== Records for the exercise ==

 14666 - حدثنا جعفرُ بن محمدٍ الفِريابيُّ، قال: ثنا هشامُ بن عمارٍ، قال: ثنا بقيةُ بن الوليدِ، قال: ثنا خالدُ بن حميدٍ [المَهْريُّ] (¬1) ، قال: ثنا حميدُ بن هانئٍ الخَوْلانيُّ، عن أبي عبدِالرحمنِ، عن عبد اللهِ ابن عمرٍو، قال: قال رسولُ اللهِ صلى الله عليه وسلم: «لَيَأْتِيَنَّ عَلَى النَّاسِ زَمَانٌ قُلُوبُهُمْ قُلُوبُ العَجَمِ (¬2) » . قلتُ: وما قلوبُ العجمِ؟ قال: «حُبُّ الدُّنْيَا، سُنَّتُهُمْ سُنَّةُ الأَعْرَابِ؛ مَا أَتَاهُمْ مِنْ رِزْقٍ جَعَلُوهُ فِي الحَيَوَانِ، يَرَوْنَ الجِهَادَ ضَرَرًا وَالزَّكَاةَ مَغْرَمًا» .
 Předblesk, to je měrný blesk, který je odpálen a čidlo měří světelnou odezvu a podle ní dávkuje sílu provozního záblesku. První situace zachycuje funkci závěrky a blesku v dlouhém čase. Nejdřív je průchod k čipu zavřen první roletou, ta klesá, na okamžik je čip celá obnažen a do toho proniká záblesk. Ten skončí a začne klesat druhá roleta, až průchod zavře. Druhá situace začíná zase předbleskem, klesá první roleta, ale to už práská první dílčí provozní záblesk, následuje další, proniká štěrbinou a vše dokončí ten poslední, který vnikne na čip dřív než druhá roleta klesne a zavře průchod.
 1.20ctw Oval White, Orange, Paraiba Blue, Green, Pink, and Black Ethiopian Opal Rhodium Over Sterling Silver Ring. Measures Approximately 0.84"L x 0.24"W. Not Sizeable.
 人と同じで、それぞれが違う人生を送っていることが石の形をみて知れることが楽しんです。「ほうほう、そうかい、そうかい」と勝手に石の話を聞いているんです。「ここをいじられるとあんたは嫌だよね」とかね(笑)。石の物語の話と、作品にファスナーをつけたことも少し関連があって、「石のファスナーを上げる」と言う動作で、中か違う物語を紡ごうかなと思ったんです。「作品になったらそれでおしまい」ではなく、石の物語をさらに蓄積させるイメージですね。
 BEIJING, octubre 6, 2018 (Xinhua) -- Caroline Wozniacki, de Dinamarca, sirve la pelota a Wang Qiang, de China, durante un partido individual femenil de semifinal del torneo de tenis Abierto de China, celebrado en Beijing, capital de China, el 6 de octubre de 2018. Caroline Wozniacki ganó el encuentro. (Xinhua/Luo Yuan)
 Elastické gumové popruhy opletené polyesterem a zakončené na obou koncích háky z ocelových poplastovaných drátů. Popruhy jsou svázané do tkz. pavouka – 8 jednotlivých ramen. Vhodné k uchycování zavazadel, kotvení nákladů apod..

===

## Exercise
Emit an exact copy of the lines spanning the start of the records to the line containing "Předblesk, to je", inclusive, and no other output.

## Written response
 14666 - حدثنا جعفرُ بن محمدٍ الفِريابيُّ، قال: ثنا هشامُ بن عمارٍ، قال: ثنا بقيةُ بن الوليدِ، قال: ثنا خالدُ بن حميدٍ [المَهْريُّ] (¬1) ، قال: ثنا حميدُ بن هانئٍ الخَوْلانيُّ، عن أبي عبدِالرحمنِ، عن عبد اللهِ ابن عمرٍو، قال: قال رسولُ اللهِ صلى الله عليه وسلم: «لَيَأْتِيَنَّ عَلَى النَّاسِ زَمَانٌ قُلُوبُهُمْ قُلُوبُ العَجَمِ (¬2) » . قلتُ: وما قلوبُ العجمِ؟ قال: «حُبُّ الدُّنْيَا، سُنَّتُهُمْ سُنَّةُ الأَعْرَابِ؛ مَا أَتَاهُمْ مِنْ رِزْقٍ جَعَلُوهُ فِي الحَيَوَانِ، يَرَوْنَ الجِهَادَ ضَرَرًا وَالزَّكَاةَ مَغْرَمًا» .
 Předblesk, to je měrný blesk, který je odpálen a čidlo měří světelnou odezvu a podle ní dávkuje sílu provozního záblesku. První situace zachycuje funkci závěrky a blesku v dlouhém čase. Nejdřív je průchod k čipu zavřen první roletou, ta klesá, na okamžik je čip celá obnažen a do toho proniká záblesk. Ten skončí a začne klesat druhá roleta, až průchod zavře. Druhá situace začíná zase předbleskem, klesá první roleta, ale to už práská první dílčí provozní záblesk, následuje další, proniká štěrbinou a vše dokončí ten poslední, který vnikne na čip dřív než druhá roleta klesne a zavře průchod.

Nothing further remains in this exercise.